Нет, лучше закрыть дверь и отправиться к себе. Карин так и поступила, однако уже в своей прихожей вдруг почувствовала настоятельное желание все же достучаться до соседки. Приоткрытая рано утром дверь в квартиру настораживала… Она пыталась вспомнить, была ли дверь открыта, когда Карин вечером уходила на работу, но так и не вспомнила. Этаж верхний, квартиры только две, но мало ли что могло случиться?
Когда на зов снова никто не ответил, женщину почему-то охватил страх. Отворила дверь пошире. Из комнаты доносился голос ведущей утренней программы теленовостей… Вот это уже совсем не дело – уходить, оставив телевизор включенным!
– Кайса, ты спишь, что…
Договорить не смогла, завизжав на весь дом.
Прибежала соседка снизу Энн, смотрела на выскочившую на площадку Карин с ужасом:
– Что случилось?!
– Там… там…
– Что там?
Но Карин не могла произнести ни слова, только показывала рукой в сторону прихожей. Заглянувшая в квартиру Энн схватилась за сердце:
– О, Господи!
Кайса висела, опутанная какими-то веревками. Ее лицо посинело от удушья, большой язык вывалился…
Карин уже тыкала в кнопки мобильника, вызывая службу спасения.
– Полицию… надо… – замотала головой Энн.
– Они вызовут.
Полиция приехала быстро.
Карин решила не упоминать, что слышала, как Кайса впускала кого-то в квартиру. Все равно женщину она не видела и даже о голосе ничего сказать не могла, голос как голос, а тогда пришлось бы объяснять, откуда сама возвращалась рано утром.
Кайса умерла еще позавчера, и вторые сутки болталась в таком виде. Страшная смерть от удушья.
Соседки судачили: маньяк?! И каждая проверяла крепость своих запоров. Если уж начали расправляться дома…
Вспоминали, что выглядело подозрительным в жизни Кайсы. Теперь таковым казалось все: жила одна, мало с кем общалась, гости бывали редко, мужчины никогда, только женщина такого же возраста.
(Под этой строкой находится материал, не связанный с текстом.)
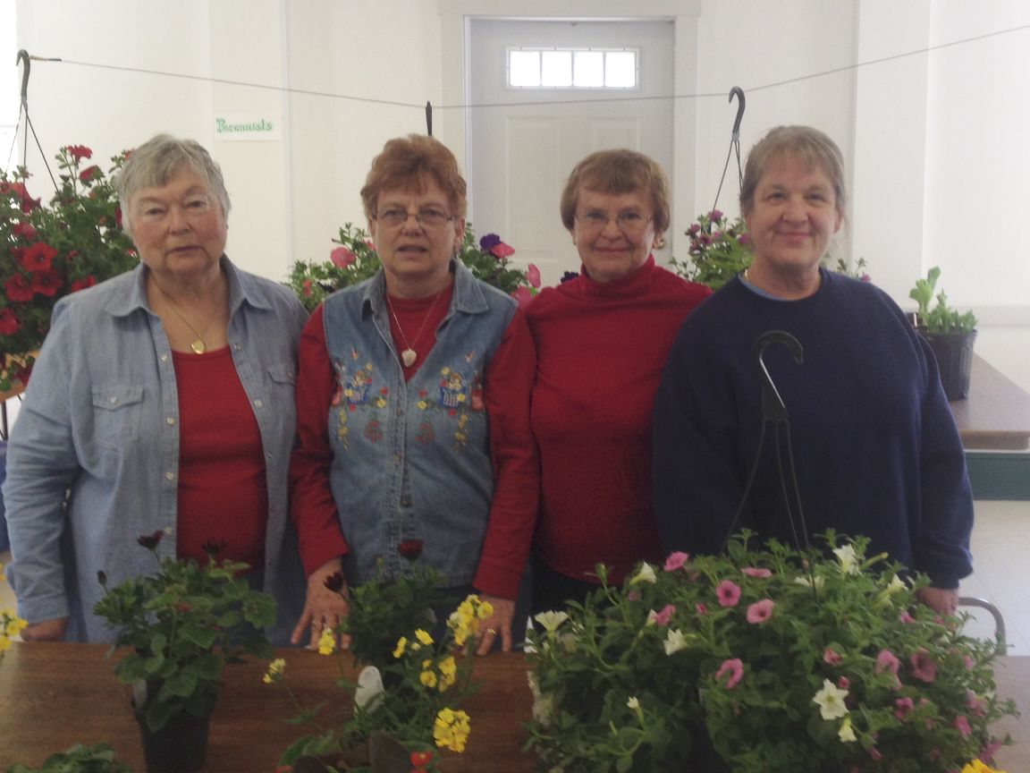 At the Durham Eureka Center Committee plant show last weekend are, from left, Anita Sellars, Pearl Scribner, Kathy Lowe and Martha Lewis. Volunteers Barbara Johnson and Jennifer Fitzpatrick, as well as Lowe and Lewis, were thanked by the committee for their efforts, as was Jeff Decker of JSD Property Maintenance, who picked up eights loads of dump runs as part of the fundraiser, and the Durham Youth Junior Explorers for providing the food and beverages. Courtesy photo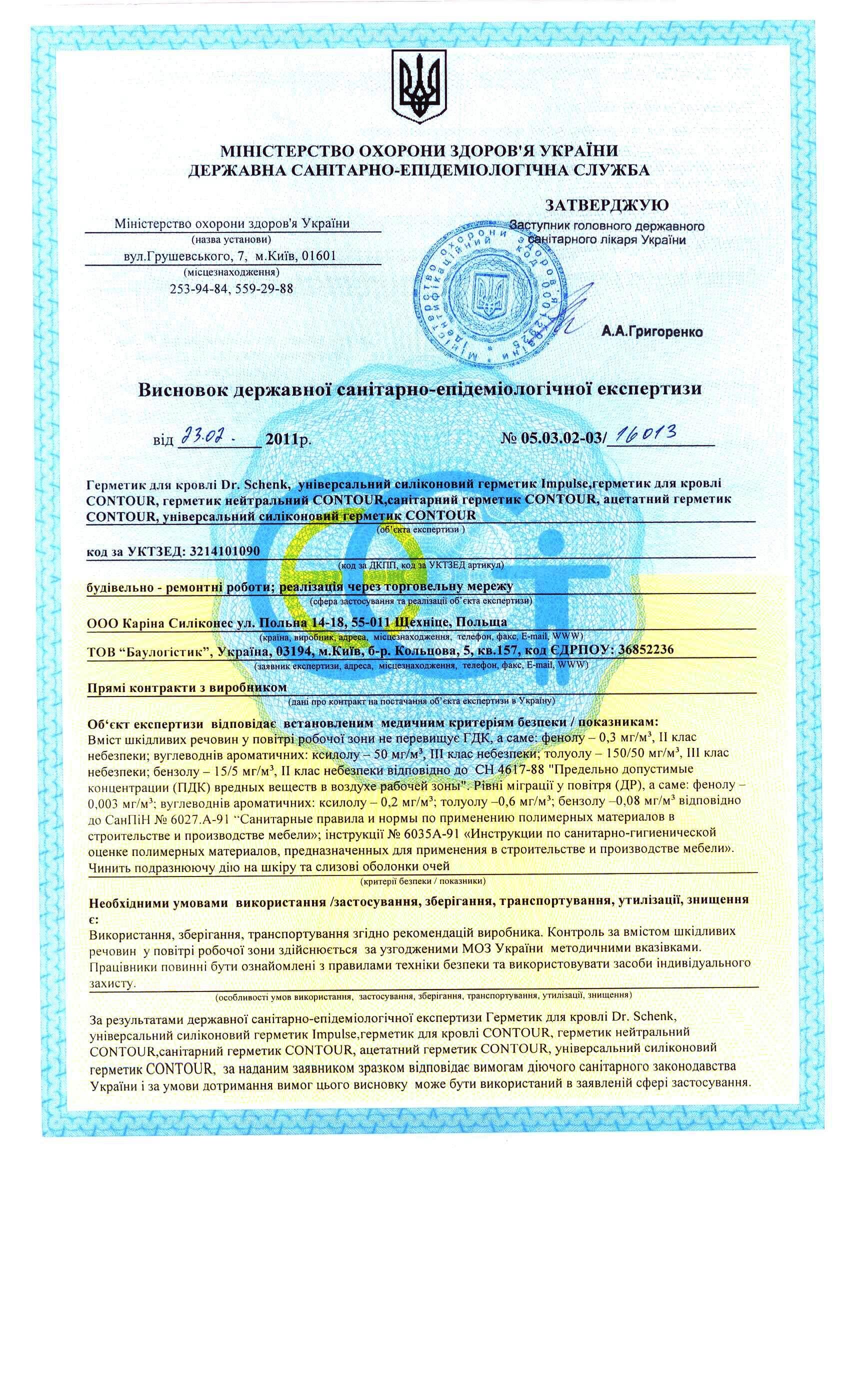 Гигиен. заключение на герметики Карина Силиконес (Польша) лист1 СКАЧАТЬ Гигиен. заключение на герметики Карина Силиконес (Польша) лист2 СКАЧАТЬ

Почему не интересовались соседкой целых два дня? А как интересоваться, если Кайса и раньше исчезала и неделями не появлялась, кто же знал, что на сей раз не так? Где она была в это время? Кто же знает, она не рассказывала. И где работала, тоже не говорила. Если человек не желает всем сообщать подробности своей жизни, кто вправе вмешиваться?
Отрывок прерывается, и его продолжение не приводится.